The Fresno asset, La Costa Apartments, at 1535 N. Cedar Avenue, was acquired out of a special servicer’s REO portfolio for $3.26 mil. At close, the 124-unit property was approximately 50% vacant and required an extensive renovation of the common areas and the unit interiors. Upon completion of the renovations, estimated to cost $650k, Trion will commence an aggressive leasing program to increase the occupancy to 90%+ and ultimately stabilize the asset. Trion will then list the property for sale with the procuring broker, Kitty Wallace of Colliers International.
The company’s acquisition in Sacramento consisted of four notes backed by 224 units with an unpaid principal balance of approximately $7 mil, or $32k per unit. It was acquired directly from a national lender. The four properties are located in the Arden-Arcade submarket of Sacramento.

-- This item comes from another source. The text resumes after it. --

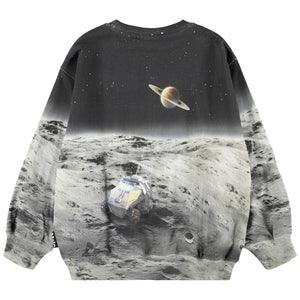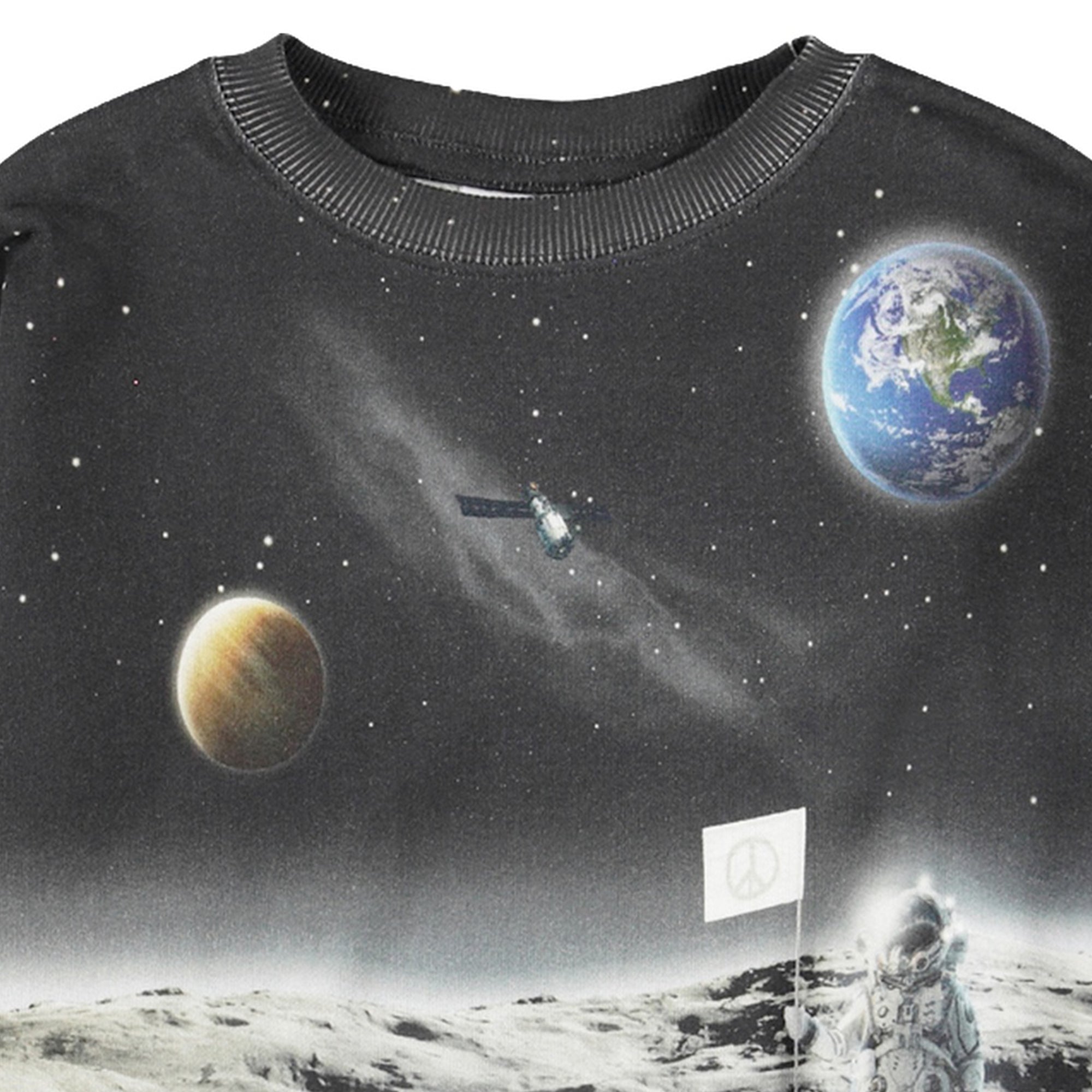 This Molo bold sweatshirt featuring an astronaut standing on the Moon's surface with Earth and planets visible in the starry, galaxy-printed sky.
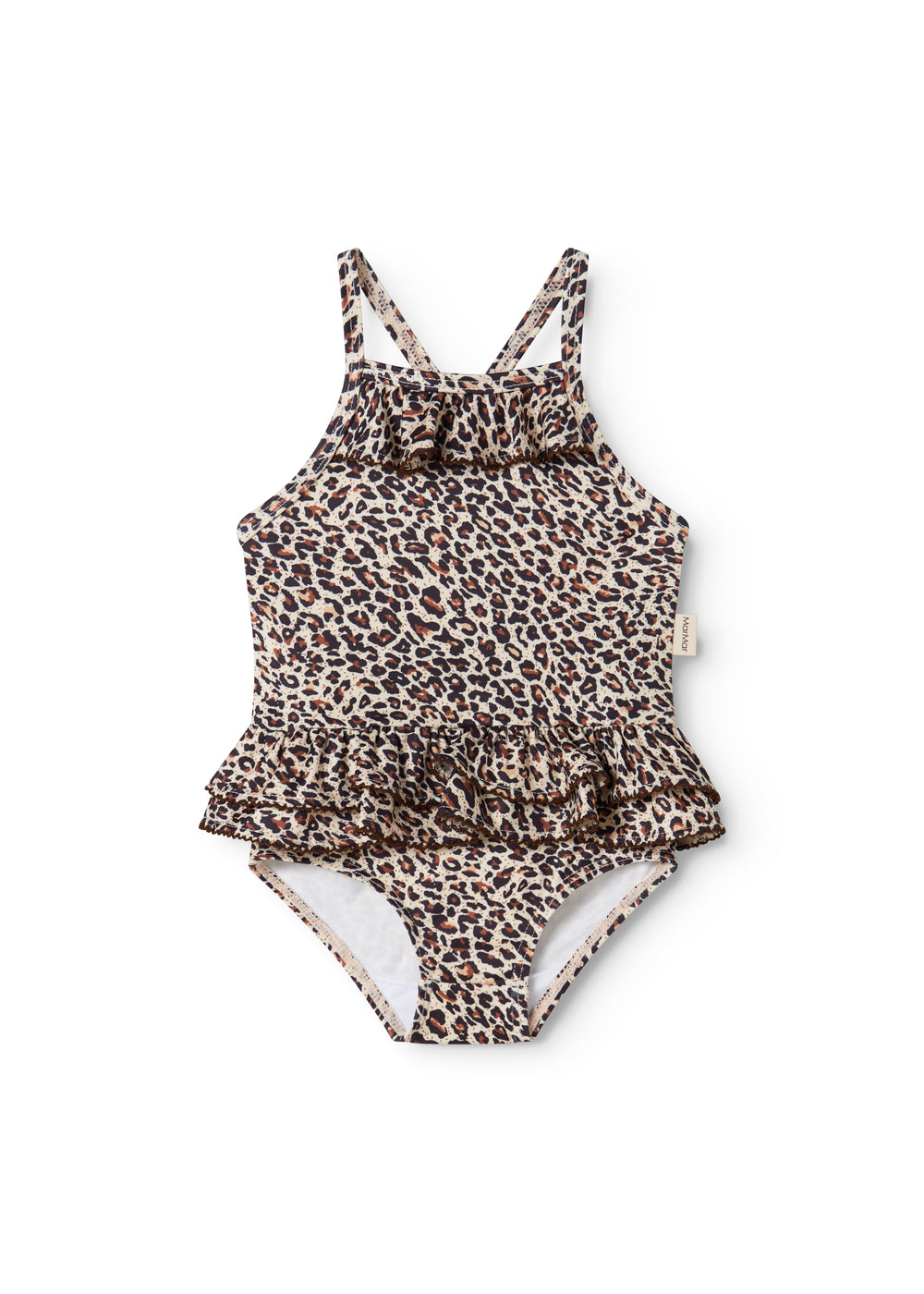Swimsuit for children with fine ruffle details, picot edges and a crossed back. The swimsuit has a nice leopard print.

Commenting on the transaction, Trion Properties’ Max Sharkansky said, “The opportunity lies in a workout with the borrower where the loans will be paid off through a refinance, unless other methods of workout are available with the borrower.”
Trion Properties also concluded a seven-month investment with the sale of a 16-unit townhome property at 2280 South Dr in Auburn, which is also in the Sacramento submarket. The company acquired the asset in December 2011 for $1.35 mil through the purchase of the nonperforming bifurcated construction loan and subsequent Deed in Lieu. Tony Azzi and Rabbie Banafsheha from Marcus & Millichap represented both the buyer and the seller in the transaction.
The property was 80% occupied when title was acquired and required minimal renovations. The units were originally built as condominiums and consist entirely of three-bed/three-bath townhomes with an average size of 1.35k sf. The property also has a recorded tract map and DRE white slips, creating value for an investor with a condominium exit strategy. The property was sold for $2.4 mil after a total hold period of seven months, creating a return to the investors of $662k and yielding a triple-digit internal rate of return (IRR).